Fue un invierno terrible. En las calles de Pekín se encontraron cuerpos congelados después de una tormenta de hielo. Yo le entregaba a mi madre todo lo que ganaba, pero no era suficiente para pagar las facturas. Los acreedores hacían cola ante nuestra puerta. La puerta se cayó de su marco en numerosas ocasiones. Tío Undécimo estaba intranquilo y su cara expresaba sus pensamientos: quería que nos fuéramos. Mi madre encontró un trabajo como empleada de la limpieza, pero la despidieron al día siguiente por caer enferma. Tenía que apoyarse en la cama para mantenerse en pie y le costaba respirar. Mi hermana Rong le preparó unas hierbas medicinales.
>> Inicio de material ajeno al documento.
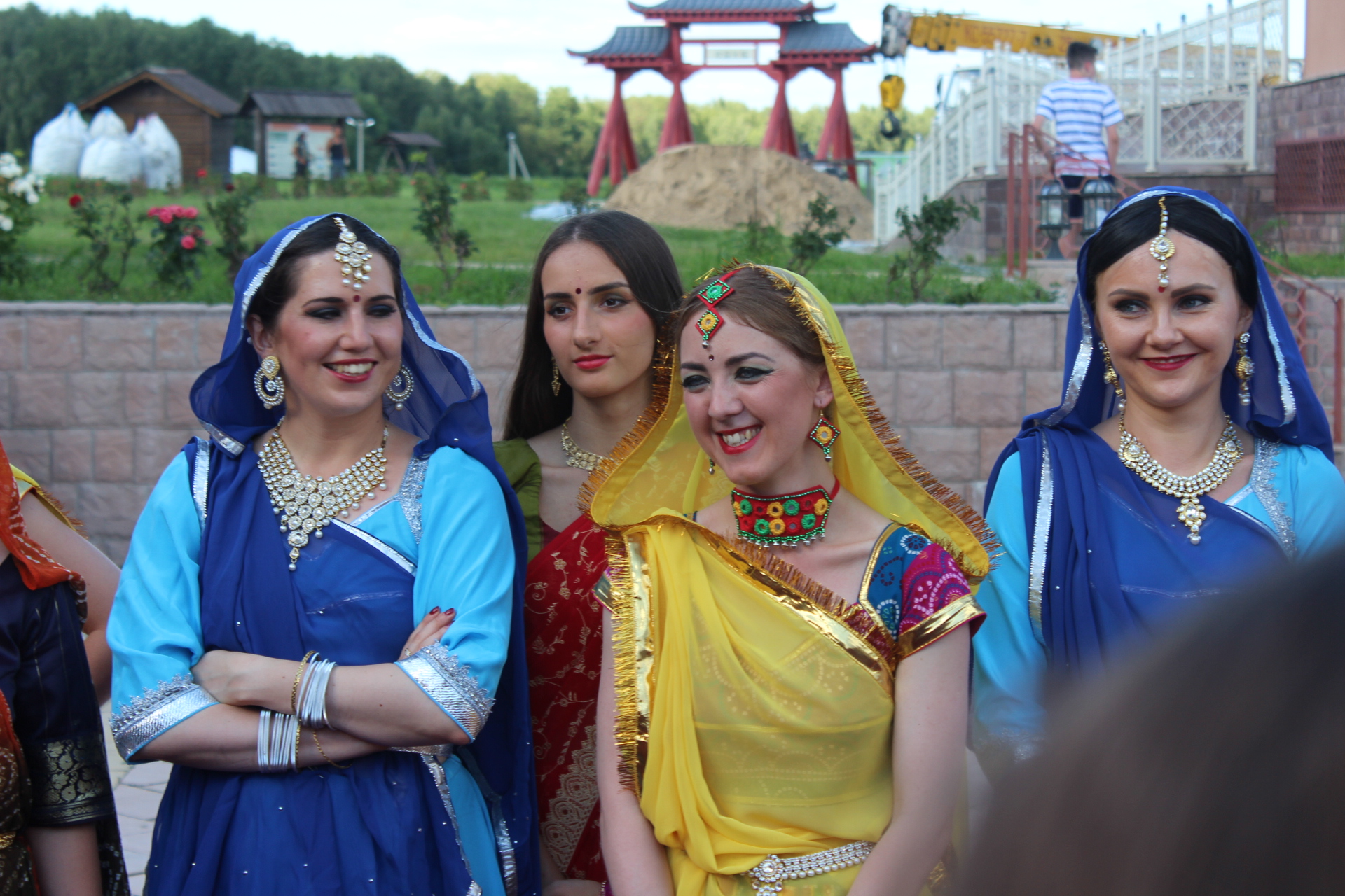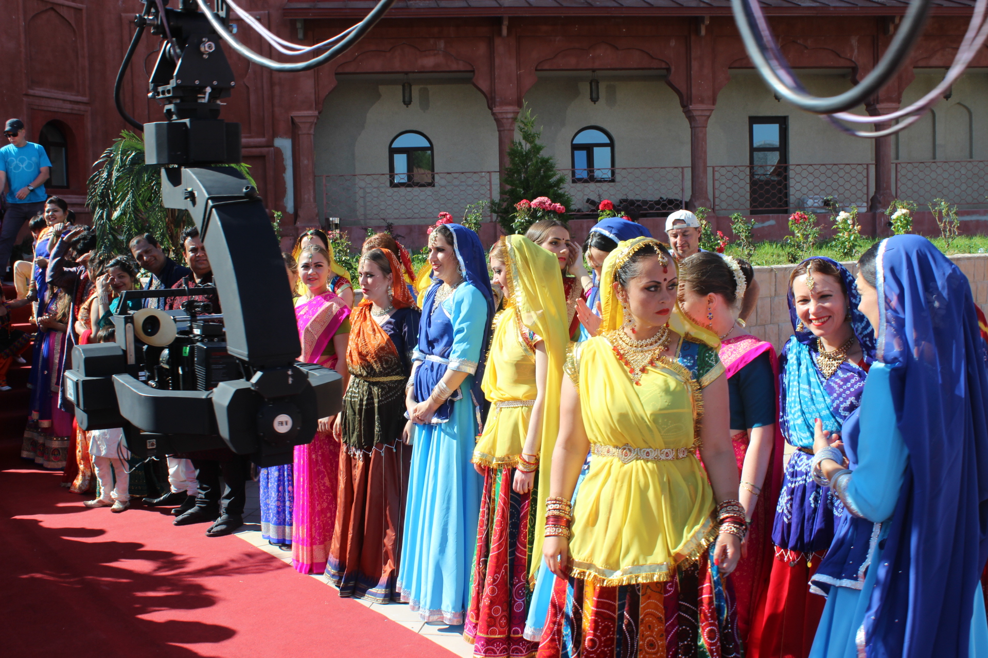 Подъем на второй день был в 7:00. Потому что съемки начинались уже в 9:30. А это означало, что на завтрак в 9:00 мы уже все должны прийти накрашенные и полностью одетые. А это занимает не меньше двух часов. Когда мы вышли на съемочную площадку нас ждал неприятный сюрприз. Оказалось, что наши красные костюмы оказались слишком похожими на красные свадебную лехенга-чоли Натали и нам нужно срочно переодеться. К счастью мы все предусмотрительно взяли запасные голубые костюмы, которые шились к апрельскому концерту. Но было обидно, что тут же надо идти снимать с себя все украшения и костюмы и надевать всё заново - это заняло ещё час.

Además de las hojas amargas, el doctor le prescribió crisálidas de gusanos de seda. El olor apestoso me impregnaba la ropa y el cabello. Mi hermano Kuei Hsiang fue a pedirles dinero a los vecinos. Al cabo de un rato, nadie le abría la puerta. Mi madre compró ropa de entierro barata, una túnica negra que llevaba todo el día puesta. «Así no tendréis que cambiarme si muero en la cama», decía.

Una tarde nuestro tío llegó con su hijo, al que nunca me habían presentado. Se llamaba Ping, que quiere decir «botella». Yo sabía que nuestro tío había tenido un hijo con una prostituta local y lo ocultaba porque le avergonzaba, pero no sabía que Botella era retrasado.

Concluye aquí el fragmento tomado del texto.